▶ [Given entries]:
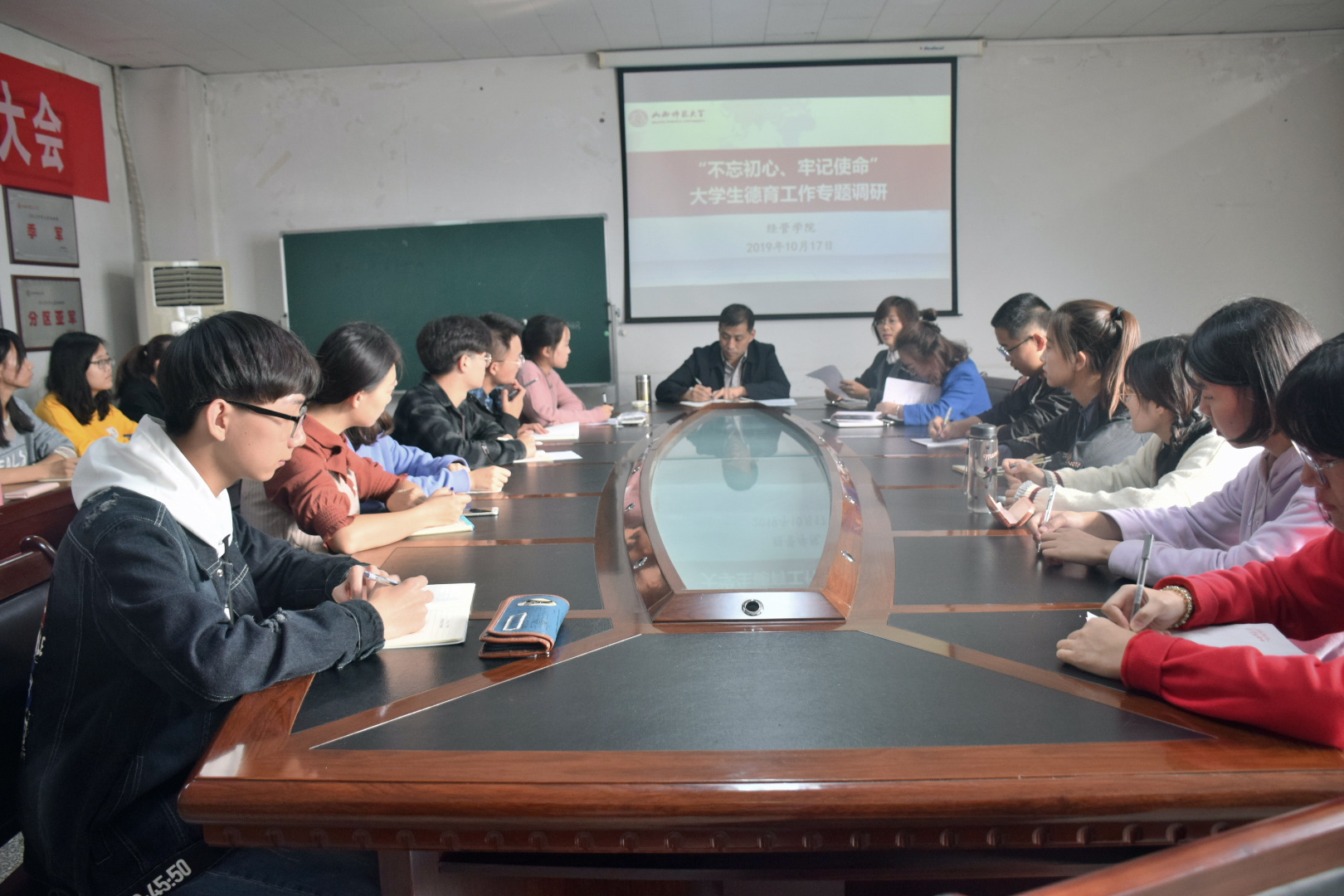 为进一步全面深化高校立德树人根本任务,全面落实培养担当民族复兴大任时代新人的主体责任,全方位了解员工德育养成中存在的根本问题,球天下学工组于10月17日下午3:00在公司会议室召开“不忘初心、牢记使命”老员工德育工作专题调研活动。公司党委书记吴建军、公司党委副书记任文焕、公司专职辅导员毕星和大一到大三各年级团学干部和员工代表参加会议,党委副书记任文焕主持会议。
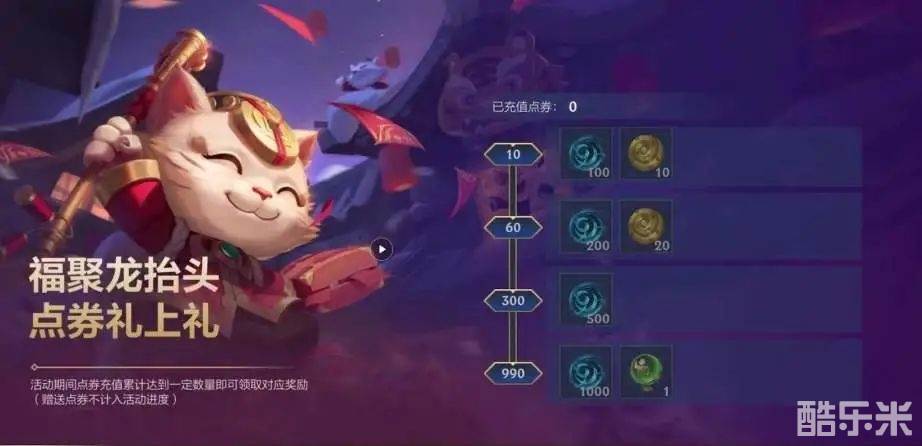 又一波福利活动来啦!从3月4日至3月7日,召唤师们累计充值点券。
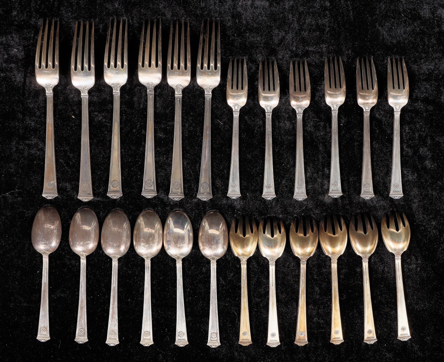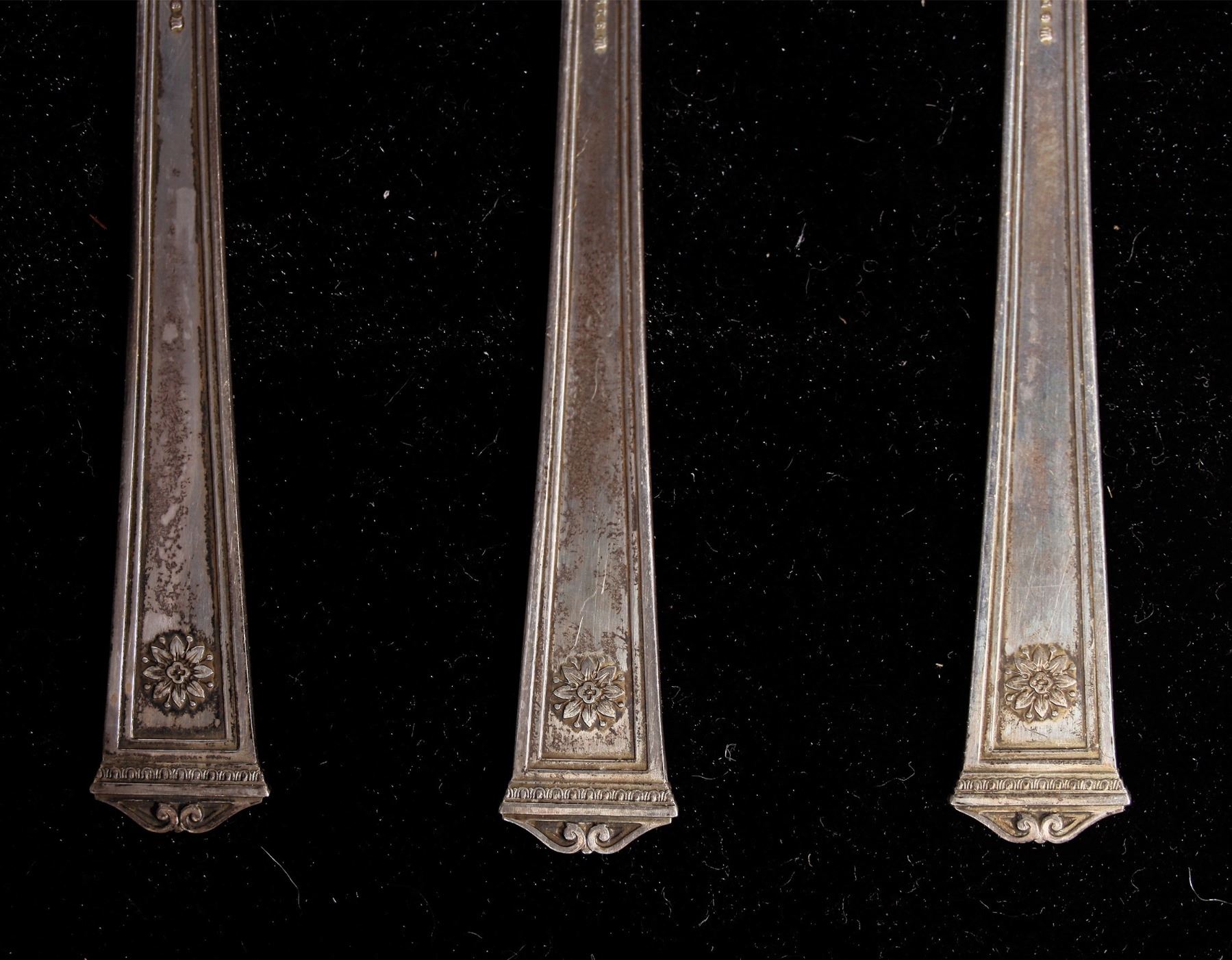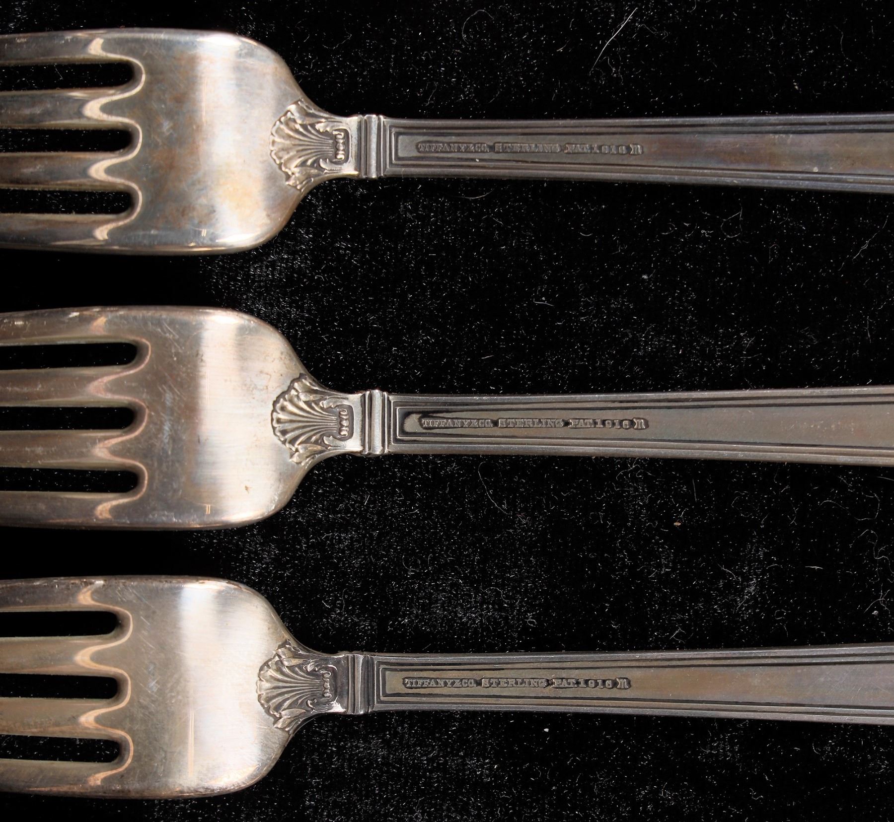 Tiffany Sterling silver flatware. 6 each-pastry forks, teaspoons, large forks, smaller forks, no knives. 1100 grams gross, 33 Troy oz silver content. $950 melt.
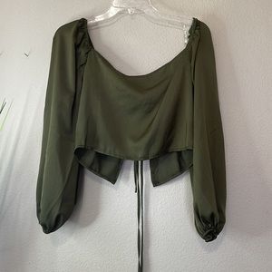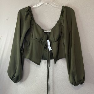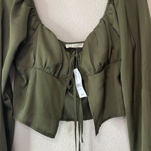 LA HEARTS TIE FRONT LONG SLEEVE SATIN TOP NWT
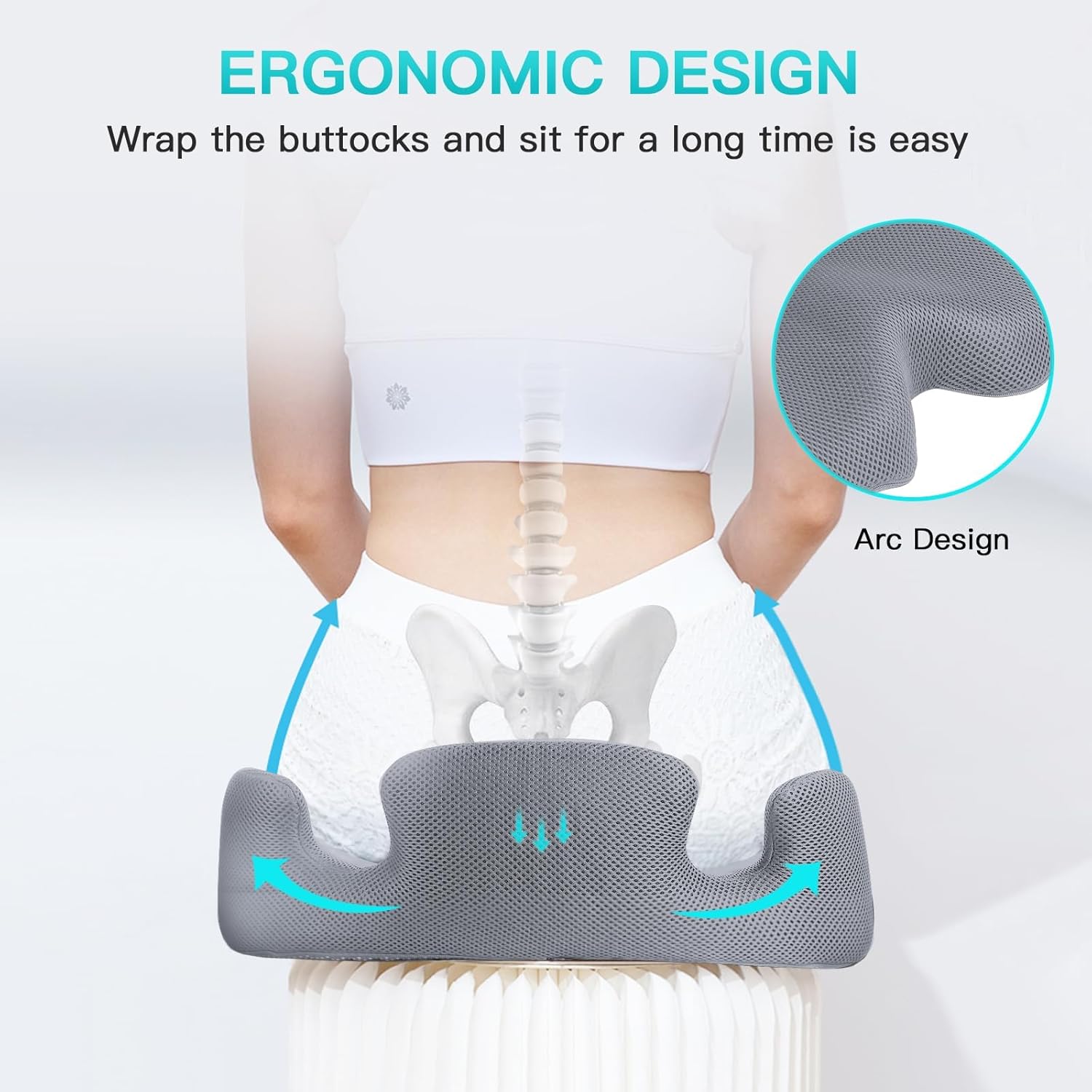 - 🏅【Pain Relief】Designed with an ergonomic "W" shape, Ergonomically designed seat cushion provides support and comfort while reducing pressure on the lower back, waist, hips and improving your posture.
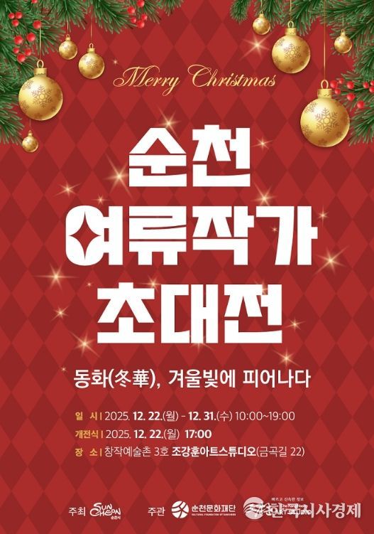 한국시사경제 전남취재본부 | 순천문화재단은 오는 22일 오후 5시 개전식을 시작으로 31일까지 순천창작예술촌 3호 조강훈 아트 스튜디오 1층 전시관에서 순천 여류작가 초대전 「동화(冬華), 겨울빛에 피어나다」를 진행한다.
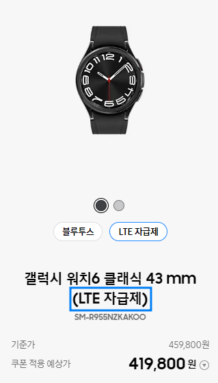 갤럭시워치6 모델은 40mm,44mm,클래식 43mm 있습니다. 가격대는 LTE자급제보다 블루투스가 저렴하게 형성되었습니다.
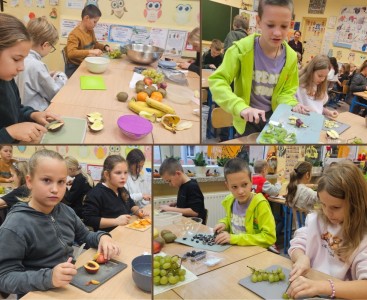 Uczniowie samodzielnie obierali owoce, kroili je i przygotowali pyszne, pełne witamin misy sałatek, które w mgnieniu oka i z wielkim smakiem zostały zjedzone. Jak wszyscy jednogłośnie stwierdzili - tak można by zaczynać każdy szkolny dzień.
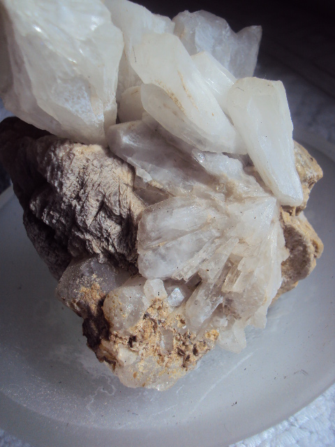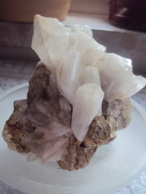 Beim Rabatte setzen kam mir dieser "Bergkristall?" unter die schaufel gesäubert wurde der von mir mit Geschirrspültabs.Präsentiert auf einer alten Gläserenen Seifenschale.Aber Bergkristall hat durch Gläserne Spitzen?
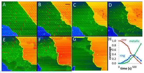 (A–G) STM snapshots during the reduction in a Cu2O film under 10 mTorr CO at 300 K after 46, 281, 374, 490, 603, 715, and 828 s. (H) Phase coverages are plotted as a function of CO exposure [50]. The color in the images corresponds to height contrast; U = 1.1 V, and I = 0.83 nA; scale bar = 5 nm.
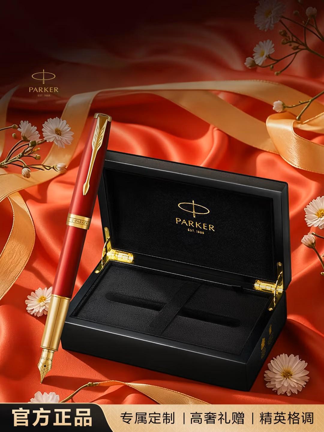 派克(PARKER)高端钢笔 高档商务送礼生日礼物轻奢礼品 卓尔宝石红金夹墨水笔+木制礼盒
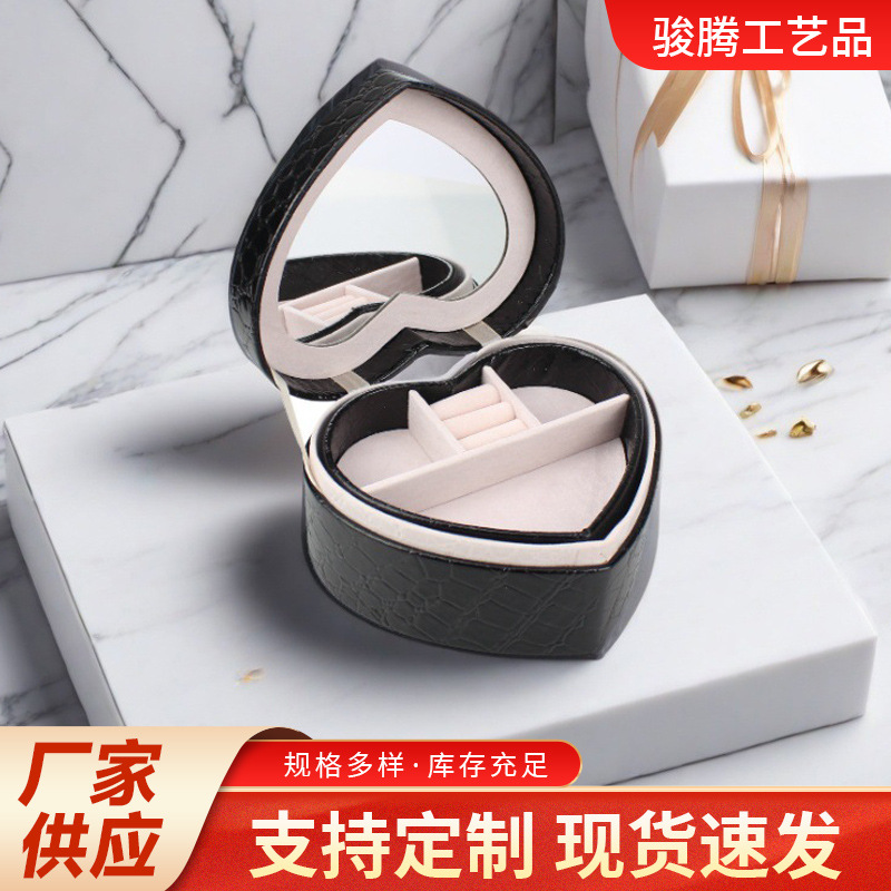 跨境简约皮革珠宝盒子多层心形旅行饰品包装盒耳钉耳环戒指饰品盒

▶ [What the task asks]: Find the line that contains "派克(PARKER)高端钢笔 高档商务送礼生日礼物轻奢礼品 卓尔宝石红金夹墨水笔+木制礼盒" and repeat it, along with every line after it to the end of the data, exactly; drop the pictures.

▶ [Answer to this problem]:
 派克(PARKER)高端钢笔 高档商务送礼生日礼物轻奢礼品 卓尔宝石红金夹墨水笔+木制礼盒
 跨境简约皮革珠宝盒子多层心形旅行饰品包装盒耳钉耳环戒指饰品盒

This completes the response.